The Wayback Machine faces another AI threat: ridiculously high prices for hard drives

The Wayback Machine is threatened again by AI
The AI boom has tripled the price of the large hard drives needed for these vast web archives
This is an additional danger for the Wayback Machine, which is also in trouble due to its crawler being blocked by news sites, which is also caused by AI.

It’s an increasingly desperate time for those trying to keep track of the history of the web, as AI once again proves to be a serious obstacle to the efforts of organizations like the Internet Archive – and this time, it’s soaring hard drive prices.

You may remember that last month we covered another angle of the difficulties caused by AI at the Internet Archive’s Wayback Machine. This is the nonprofit’s story of the Web, and there’s a problem in that, as part of measures designed to thwart the AI that scrapes their content, online news sites are increasingly blocking the crawler that the Internet Archive uses to compile snapshots of the Web pages that make up the archive.

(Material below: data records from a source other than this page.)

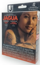
Jagua Kit (2T) Bilingual packaging now available (English / French)

— Replacing translucent 1 quart jars for Dyes and Textile Color paint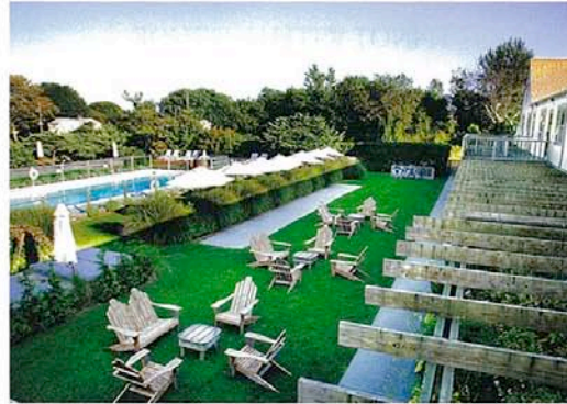
Backyard at Sole East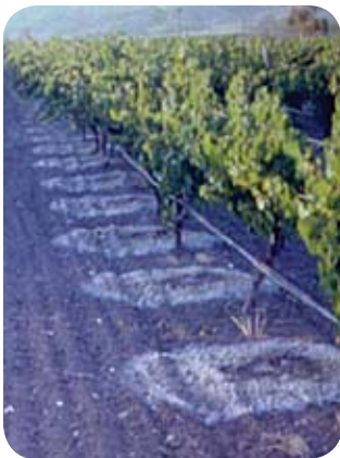
Drip irrigation creates salt buildup at irrigated/non-irrigated zone boundary.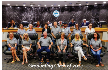
Graduating Class of 2024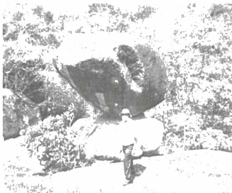
Figure 4: Erratic boulders at Nakolagane Temple site (coordinates 7°49'N, 80°19'E) both in Kurunegala District.

Between Kaduwela and Hanwella on the Kelani Ganga (Western Province), for example, a high-level gravel known as the “Malwana formation” is present at 16m above the present river level (28m above MSL); a lower gravel, the Ranale formation, is found at 6.5m above the present river level (23m above MSL; Photograph 6). The Malwana formation contains beds of well rounded, coarse quartz pebbles embedded in a matrix of laterite separated from each other by pebble-free layers of laterite. Remnants of this formation are seen capping the ridge that runs parallel with the river in Ranale and Nawagamuwa villages on the left bank of the Kelani Ganga (river), and at Mapitigama, Weelgama, Thittapattara, and Wiyalananda villages on the right bank of the same river (Cooray 1984).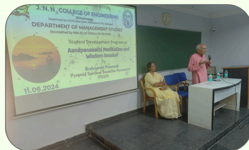
Guest Lecture on "Aanapanasathi Meditation and Wisdom"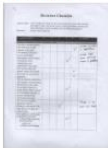
JUXTA 028 Lutfi_Reviewer Checklist_1.jpeg 1032K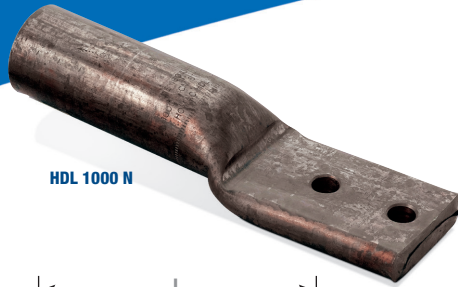
HDL 1000 N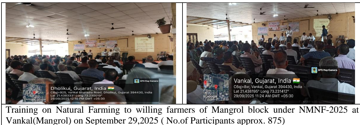
Training on Natural Farming to willing farmers of Mangrol block under NMNF-2025 at Vankal(Mangrol) on September 29,2025 ( No.of Participants approx. 875)

11. List of Superannuation/Retired of Faculties along with their designation: Nil.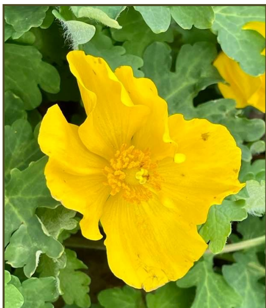
Celandine poppies blooming at the Butterfly Garden.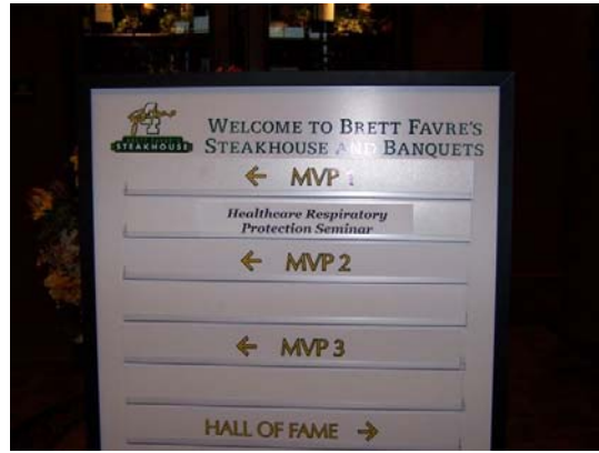
Preparing the Facility for the registered attendees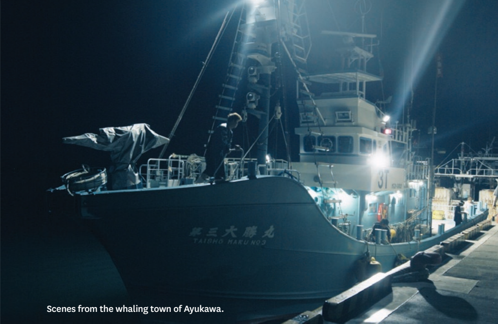
Scenes from the whaling town of Ayukawa.

And now, 404 Media reports (via Tom’s Hardware) that the Internet Archive is suffering from the AI-driven shortage of hard drives (as larger drives are needed in data centers for AI workloads).

Analysis: There are many workarounds, but what about bands?

So, is the Wayback Machine really in danger? Will we see the cogs of the “living history of the Internet” begin to come undone? Well, there’s no immediate peril, because apparently donors and the community around the Wayback Machine are banding together to get around the problem of spiraling travel costs.

Still, this is clearly a problem going forward – and blocking the Internet Archive’s web crawler is even more so. The problem is that news sites block AI scraping, but these blocks can be circumvented if the AI owner targets the content through the Wayback Machine. This is a thorny issue, but talks are ongoing and we hope both sides will reach some sort of resolution.

And on the readers’ side, if you’re wondering why the Internet Archive can’t switch to tape as a storage medium, the problem is that it’s a “living” archive of the web because it’s online, allowing users to access these snapshots of web pages on demand. As such, hard drives are required for this access to be responsive. The tape just isn’t up to the task in terms of performance in this case.

The Internet Archive does use tapes for longer-term content backups, but that’s only part of the puzzle in this regard. Hard drives are essential to the daily operation of the Wayback Machine as we know it, allowing users to quickly deliver the content they need online.